St. Laurentius (vollständig: St. Laurentius und Katharina) ist die Stadtkirche von Schönberg (Mecklenburg). Die Kirche unter dem Patrozinium der Heiligen Laurentius von Rom und Katharina von Alexandrien ist im Kern backsteingotisch. Seit der Reformation war sie Pfarrkirche einer Gemeinde der Evangelisch-Lutherischen Landeskirche Mecklenburgs; seit 2012 gehört sie zur Evangelisch-Lutherischen Kirche in Norddeutschland.

Baugeschichte[Bearbeiten | Quelltext bearbeiten]
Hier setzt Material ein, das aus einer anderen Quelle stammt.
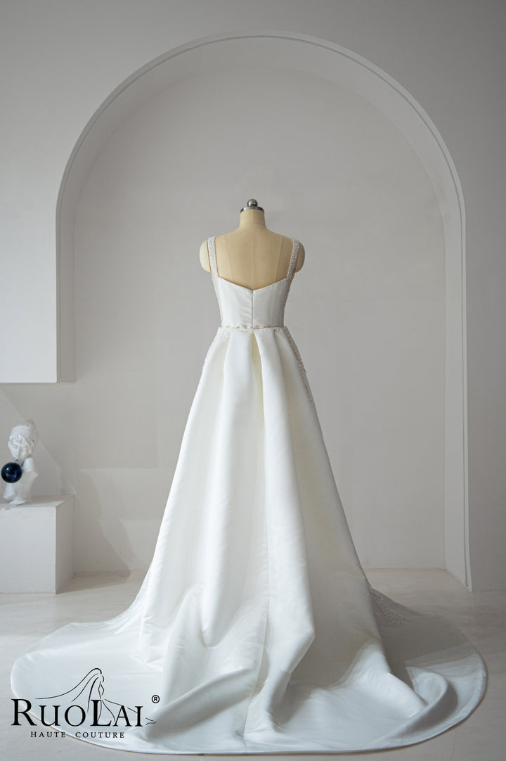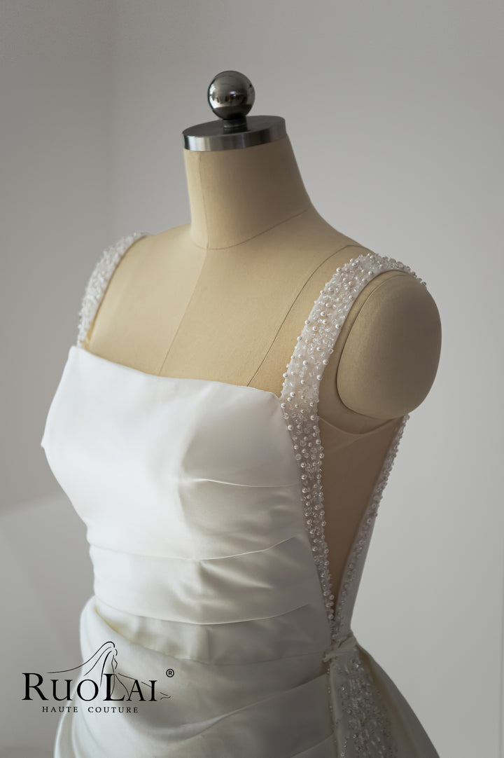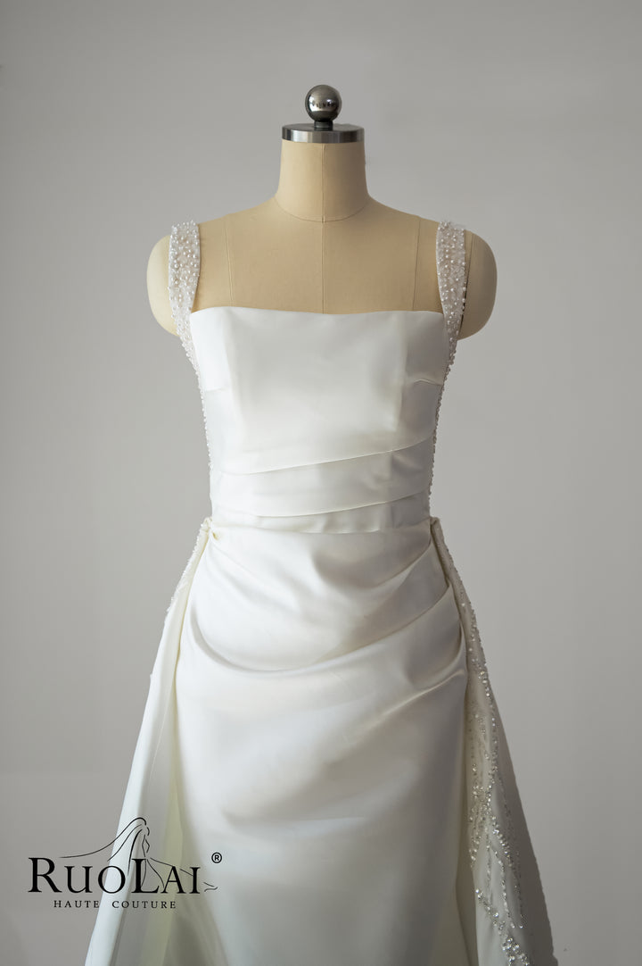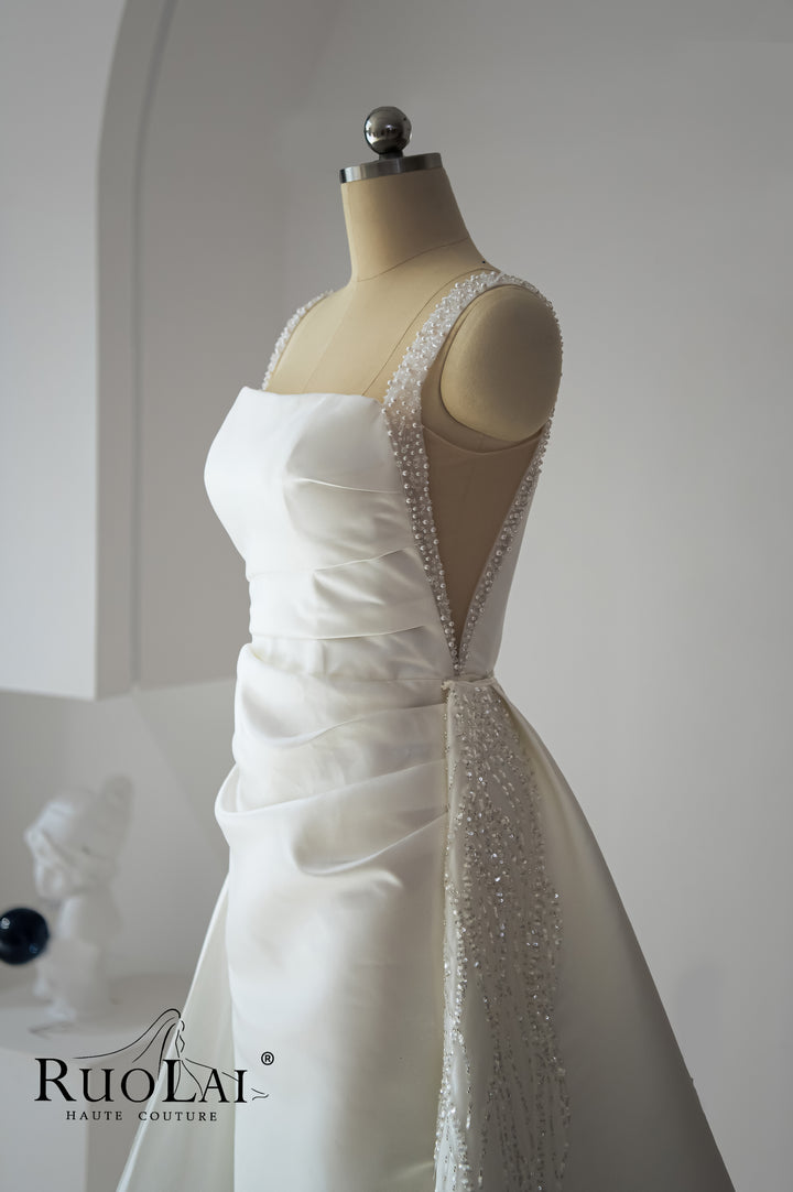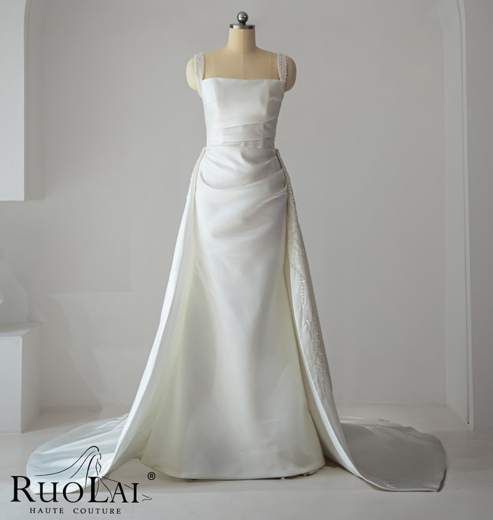 Elegant Square Collar 2 in 1 Beaded Mermaid Wedding Dresses

Schon 1235 war in Schönberg eine Kirche vorhanden. Nachdem der Ort unter Bischof Markward von Jesowe Residenz der Bischöfe von Ratzeburg wurde, wurde die Kirche im zweiten Viertel des 14. Jahrhunderts (nach 1324) unter Verwendung von älteren Bauteilen erweitert. Der ursprünglich rechteckige Chorraum erhielt eine verlängerte 5/8-Apsis, der ursprünglich einschiffige Hauptraum wurde zur dreischiffigen, vierjochigen Stufenhalle. Während der Chorraum ursprünglich gewölbt war, sind im Hauptschiff keine Gewölbeansätze zu finden. Der massive Westturm kam im frühen 16. Jahrhundert hinzu. Am 7. April 1601 brannte die Kirche durch ein Großfeuer, das in einer Schmiede entstanden war, aus und erhielt anschließend eine neue Ausgestaltung. 1829 wurde der Turm durch einen Blitzeinschlag beschädigt; er erhielt 1831 seine heutige Form durch den Landbaumeister F. Lohmeier mit vier flachen Dreiecksgiebeln, einem leicht gekrümmten pyramidenförmigen Dach und einer abschließenden Plattform mit einer Laterne. 1846 bis 1848 erfolgte eine durchgreifende Instandsetzung. Dabei erhielt die Westseite des Turmes eine neue Verkleidung und das Innere die heute noch zu sehende Balken-Kassettendecke. Eine Restaurierung der Kirche erfolgte von 1987 bis 1991. Dabei konnten Teile der Ausmalung des frühen 17. Jahrhunderts freigelegt werden, und der Durchgang zur Sakristei wurde wieder geöffnet.

Ausstattung[Bearbeiten | Quelltext bearbeiten]

Altarraum (2005)

Von der vorreformatorischen Ausstattung ist die bronzene Tauffünte erhalten. Nach ihrer Inschrift wurde sie 1357 von Gerhard Kranemann gegossen, der von 1351 bis 1381 zusammen mit seinem Vater oder Bruder Hinrich als Gießer in Lübeck tätig war. Das eigentlich glockenförmige Becken wird von drei knienden Engelsgestalten getragen; auf seiner Wandung finden sich in zwei Reihen übereinander Heiligenfiguren, insbesondere die Kirchenpatrone Laurentius und Katharina, aber auch die Taufe und Kreuzigung Christi, Christus mit den Leidenswerkzeugen sowie ein Wappen.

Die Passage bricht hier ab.